An important but difficult part of this analysis was interpreting the resulting topics. A library for R called LDAvis was used to visualize the relevance of each topic (size of the circle), their thematic similarity (high-dimensional distance matrix projected onto two axes using MDS), and the terms representative of each topic. The visualization, output to html, is interactive and allows detailed insights into the term distributions. Depending on the adjustable lambda parameter, the terms of a topic can be reordered (to facilitate interpretation) either more in favor of exclusive terms for the topic or generally frequent terms of a topic.
For example, the term UK is important for the Edinburgh weather topic as it appears frequently in this context but it is not very discriminating as it may be used in many tweets of other topics. On the other hand, humidity is valuable to detect the weather topic but might not be featured in a majority of weather tweets (see down below).
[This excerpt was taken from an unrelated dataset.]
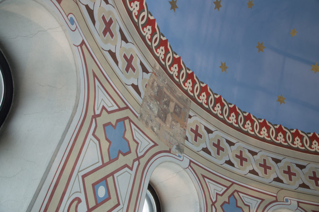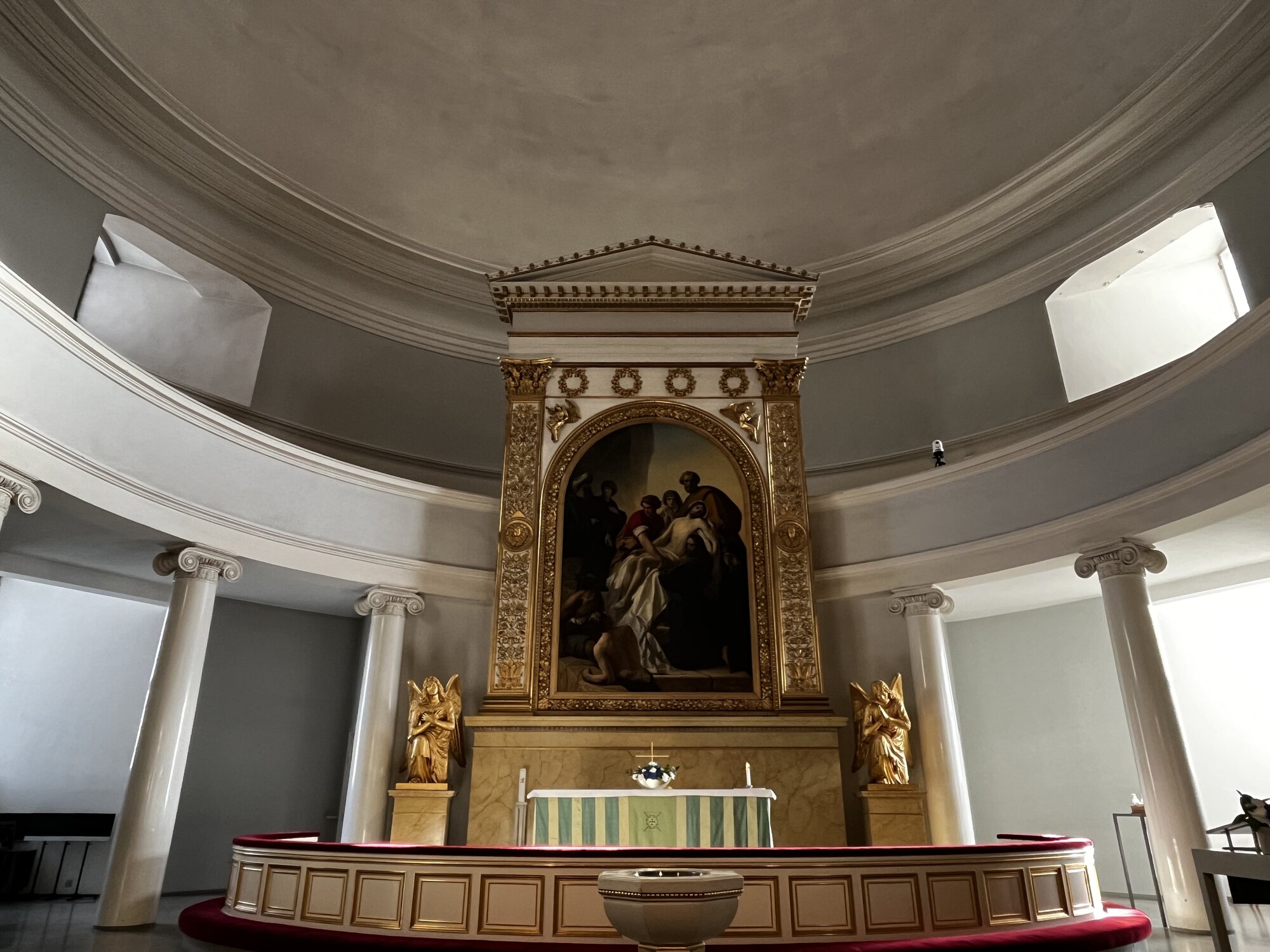 教堂建於 1830 年,最多可容納 1300 人,它的內部不算奢華,都是十分簡潔的設計,以白色為主,中間有一幅耶穌和聖徒在一起的畫像。最特別的是教堂上方有一座弧形的管風琴,雖然體積不大,但是依著圓頂的弧形設計,十分有心思。另外有幾盛金色的吊燈,與白色的教堂襯托,十分顯眼。

As previously mentioned, the main clusters identified are either general such as weather or news. Most interesting we found politics (referendum for scottish independence) and travel in connection with the upcoming fringe festival. Where as the politics cluster was very concentrated and mostly discussed by a few actors, travel was very diverse. One interesting aspect is if tourist write about Edinburgh differently than locals enjoying their weekend. However, this distinction has proved to be rather complex. An overview of the two key clusters politics and travel is presented below.
Clusters identified:
general (weather)
news (gym accident)
politics (referendum
Instagram Visualisation: http://cdb.io/1zcWfsu
Then we investigated the interactions between users. The top mentioned users are @citizentommy, who is a former Scottish Parliament member, and @indyreffilm, which is a screen event of the referendum campaign. The peak of tweets is caused by @citizentommy, who posted several tweets and got many retweets during these three days. These two top mentioned actors, however, do not have much interaction with each other.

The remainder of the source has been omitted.